= George Herbert Townsend =

George Herbert Townsend (15 January 1787 – 23 February 1869) was an English literary compiler and journalist, who wrote several books that are of value in a study of his period.

Townsend was born in Bermondsey, Surrey, England to John and Cordelia Townsend. He was admitted a Freeman of the City of London.

His books include Russell's History of Modern Europe epitomised (1857), Shakespeare not an Impostor (1857), The Manual of Dates (1862), Men of the Time (1868), The Handbook of the Year 1868 (1869) and The Every-day Book of Modern Literature (1870).

Between 1860 and 1866 Townsend wrote several pamphlets containing selections of madrigals and glees for John "Paddy" Green, the proprietor of Evans's music and supper rooms, 43 Covent Garden.
He wrote a Summary of Persian History, included as a preface to a book on Outram and Havelock's Persian Campaign and published in 1858.

During the elections of 1868 he was an active supporter of the Conservative party led by Benjamin Disraeli, and was promised a position in reward.

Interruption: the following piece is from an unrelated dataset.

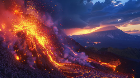 captivating scene of an active volcanic eruption, showcasing molten lava, smoke plumes, and fiery glow beneath a dramatic evening sky, exuding intense energy and natural grandeur.

However, the government resigned before this promise could be kept.
Deeply disappointed, Townsend committed suicide at Kennington.

==Bibliography==
- George Herbert Townsend (1857). "Russell's History of Modern Europe epitomised"
- George Herbert Townsend (1857). "Shakespeare not an Impostor"
- George Herbert Townsend (1862). "The Manual of Dates"
  - George Herbert Townsend (1867). "A Manual of Dates"
  - George Henry Townsend (1877). "A Manual of Dates"
- George Herbert Townsend (1868). "Men of the Time"
- George Herbert Townsend (1869). "The Handbook of the Year 1868"
- George Herbert Townsend (1870). "The Every-day Book of Modern Literature"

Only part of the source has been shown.